If we start talking about the Supreme Court of India’s judgement on the ongoing Reserve Bank of India v/s cryptocurrency exchanges, we have to talk about the elephant in the room; the scams that have been carried out by bad actors in this space.
Recently there were a lot of news reports on how some fraudsters such as Amit Bhardwaj, (of GainBitcoin), Divyesh Darji (BitConnect/Dekado) are being brought to book by law enforcement officers.
Although their arrests came about after duped investors spent months chasing the law enforcement agencies, it is still only the start. So far, nothing substantial has come about except one news of Bhardwaj not being granted bail by Chandigarh’s district court.
When the GainBitcoin mastermind was brought to India, he was first lodged in a jail in Pune. Following that, he was shifted to Tihar in New Delhi and eventually to a jail in Chandigarh where he is lodged at the time of writing.

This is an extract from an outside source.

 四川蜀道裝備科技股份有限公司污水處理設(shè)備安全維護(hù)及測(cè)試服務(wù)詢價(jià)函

The duped victims have been working non-stop around the clock, trying to find out when they will receive their principal value in bitcoin. A retired Army personnel Captain PC Mahajan said, “It is not understood that scammer Amit Bhardwaj and his team are mocking the entire government and they made them slave of the government or vise versa, because scammer has started their game in 2014 since BJP came in power.”
Although the allegations are serious, without documentation, it is hard to prove these statements. However,the victims savoured their small victory, when it emerged that Rupesh Kumar, Bhardwaj’s right hand man’s bail application was rejected by a Patiala court on Tuesday.

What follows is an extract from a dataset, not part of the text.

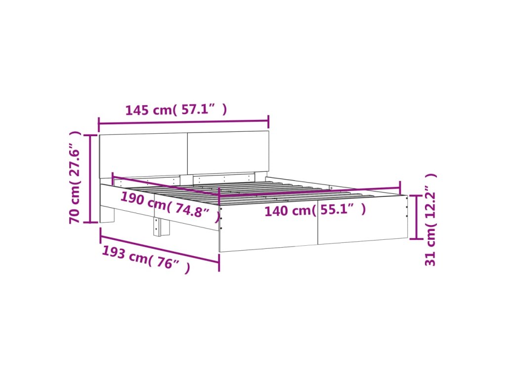 Rám postele s čelem kouřový dub 140 x 190 cm 3207501
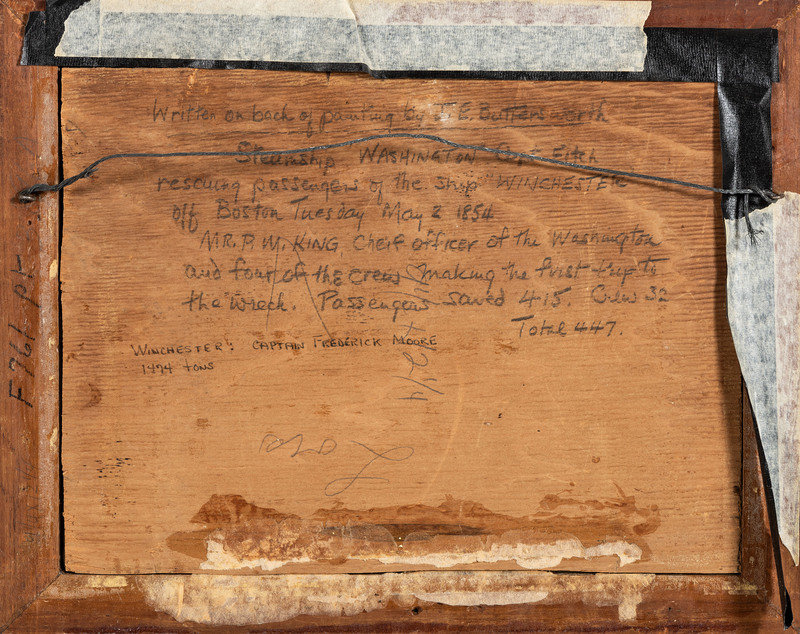 inscribed Steamship 'Washington,' Capt. Fitch rescuing passengers of the ship 'Winchester' off Boston Tuesday, May 2, 1854. Mr. P. M. King, Chief Officer of the Washington, and 4 of the crew making the first trip to the wreck. Passengers saved 415. Crew 32. Total 447, verso

Good news a small victory for the ones who are right. Rupesh does not get a bail. ?? #gbscam #gainbitcoinvictims #gainbitcoin #wantjustice @Anupama77432024 @anandjiiii @Ragini07 @PCMahajan1 @CryptoFaBB https://t.co/Z4PBzpFuAl
— Ashish Lal (@Ashish05lal) September 4, 2018
These scams are one of the reasons why the Indian government has been up in arms against cryptocurrency trading. Since, there is no way to trace cryptocurrencies’ movement, the government bodies believe this may lead to more scams.
However, these bad actors constitute only 1% of the community. Although, there are bad people in every field, they can be brought to book, by the means of regulations. The draft which is being prepared by government bodies should, among other things, concentrate more on how to deal with criminals, rather than taxes that it can impose on honest people. The honest, patriotic people will pay their taxes, but criminals will always be rotten.
Can we count on our government and other law enforcement agencies to do the right thing?